Эта бешеная активность выступает в особенно зловещем свете в эпизоде гибели Казмара: как и Томаш Батя, он разбивается во время авиационной катастрофы. Писательница вводит в роман детали, поднимающие это происшествие над обычной случайностью: боясь пропустить военные заказы в первый день мобилизации осенью 1938 г., «улецкий король» настоял на полёте в нелётную погоду. Когда пилот остался глух к угрозам и посулам, Казмар прибегнул к своей обычной демагогии, заявив, что полёт необходим для республики. Этот обман стоит им жизни. Бесславный конец одного из «некоронованных королей республики» как бы символизирует крах её показного благополучия.

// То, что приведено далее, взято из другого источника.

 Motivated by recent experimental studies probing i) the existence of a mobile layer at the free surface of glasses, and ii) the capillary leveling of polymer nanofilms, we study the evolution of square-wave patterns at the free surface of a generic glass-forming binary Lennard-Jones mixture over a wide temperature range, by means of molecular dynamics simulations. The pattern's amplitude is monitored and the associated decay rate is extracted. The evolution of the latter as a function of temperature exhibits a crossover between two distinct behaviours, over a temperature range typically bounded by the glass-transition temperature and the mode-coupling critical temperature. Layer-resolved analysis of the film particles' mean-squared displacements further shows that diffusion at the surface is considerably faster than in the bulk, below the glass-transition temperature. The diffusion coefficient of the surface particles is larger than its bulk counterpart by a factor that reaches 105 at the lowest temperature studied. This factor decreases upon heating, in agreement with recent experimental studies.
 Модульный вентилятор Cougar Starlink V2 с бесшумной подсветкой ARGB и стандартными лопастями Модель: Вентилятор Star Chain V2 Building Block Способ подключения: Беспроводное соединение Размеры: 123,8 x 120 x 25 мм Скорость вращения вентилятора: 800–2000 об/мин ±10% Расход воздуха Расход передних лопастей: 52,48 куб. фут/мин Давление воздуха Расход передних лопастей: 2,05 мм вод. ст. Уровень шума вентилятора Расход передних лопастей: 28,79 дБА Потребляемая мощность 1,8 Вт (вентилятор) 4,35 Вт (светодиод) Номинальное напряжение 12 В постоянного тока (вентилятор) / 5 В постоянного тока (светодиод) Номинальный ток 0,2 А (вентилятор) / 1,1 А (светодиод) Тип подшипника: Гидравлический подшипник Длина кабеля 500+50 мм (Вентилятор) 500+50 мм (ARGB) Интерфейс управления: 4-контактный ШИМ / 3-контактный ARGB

Своеобразной параллелью к образу Казмара является история «головокружительной» карьеры сестры Ондржея Ружены. И она поднимается с самого низа социальной лестницы до самого верха, проявляя немалую активность и ловкость. Типичны все метаморфозы будущей мадам Ро Хойзлер, начавшей свою карьеру в качестве скромной маникюрши, умиравшей от желания попасть в «хорошее общество». Она покупает своё «счастье» ценой брака с «отвратительным стариканом» Хойзлером, а потом находит осуществление своих честолюбивых мечтаний в любовных связях с фашистскими офицерами.

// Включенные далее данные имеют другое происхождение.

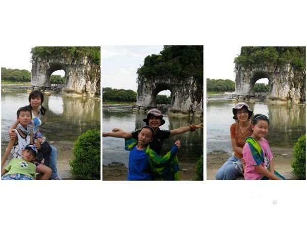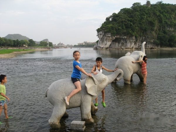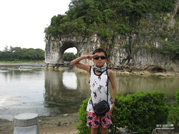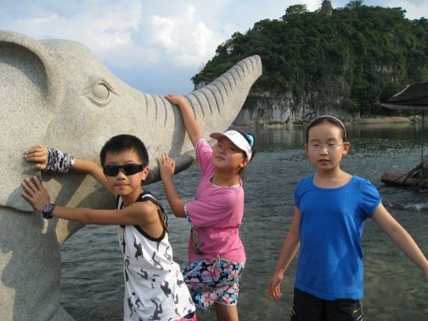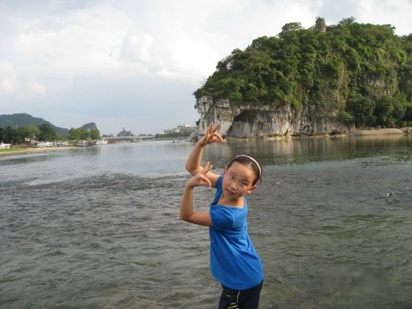 从宾馆出门直走,过了桥就是象山公园,公园门票40元一张,小孩子如果1米4就要全票,几个孩子貌似刚刚到的样子,嘿嘿,都没买,居然守门阿姨问也没问直接放行,桂林人真好哦…… 哈,顶顶大名的象鼻山,报告!我们来啦

Этой суетливой напористой активности хищников противопоставлена иная деятельность. Вера в человека, в его большие возможности пронизывает самые трагические страницы трилогии. Главные её герои — не одинокие существа, а частицы огромной силы народа. Эту связь вдруг почувствовал Ондржей, когда он решил заступиться перед грозным Казмаром за уволенную им работницу. Та же невидимая поддержка даёт силы Нелле в самые страшные минуты её жизни. И отчаявшийся, потерявший в жуткой атмосфере протектората желание жить, Станислав распрямляется и воскресает, почувствовав протянутые руки, которые помогли ему не только жить, но и начать бороться. Эта связь между людьми изображается Пуймановой с помощью тонких и разнообразных приёмов — не назидательно, не декларативно.

Проблема смысла человеческой активности оказалась в центре другого романа-эпопеи — «Хвала и слава» Я. Ивашкевича. Моральный, философский и общественный смысл судеб героев и человеческих деяний и тут соотносится со сложной и полной превратностей судьбой Польши. Особый аспект этой проблематики — проблема «несостоявшегося действия», воплощён в милом сердцу автора герое Януше Мышинском, в котором запечатлена своеобразная польская вариация типа «лишнего человека». Мышинский не только размышляет о трагической судьбе Польши, но и объясняет этим многое в своей судьбе, и сам автор связывает трагедию «несостоявшегося действия» с противоречивыми традициями польской шляхетской культуры.

Многие герои Ивашкевича пытаются выразить себя в художественном творчестве, но если Пуйманова изображает здоровую и радостную сторону творческого процесса, то Ивашкевич сосредоточивается на творческом деянии, насквозь пронизанном неурядицами и противоречиями мира.

В романе Ивашкевича борьба за общественные идеалы, как и пассивность, часто носит драматический характер. Настойчиво звучит тема трагического действия, обречённого на неуспех, оказавшегося в разладе с прогрессивным ходом истории, несмотря на субъективную честность и самоотверженность человека.

Ивашкевич воплощает исторически оправданную активность в рабочем-коммунисте Янеке Вевюрском. Хотя автор очень мало рассказывает о Янеке, но его место в произведении не ограничивается эпизодами с его непосредственным участием: его образ всё время как бы участвует в действии, играя огромную роль в духовной жизни Януша Мышинского, сказавшего о своём друге — «лучший из людей, которых я встречал в этой жизни».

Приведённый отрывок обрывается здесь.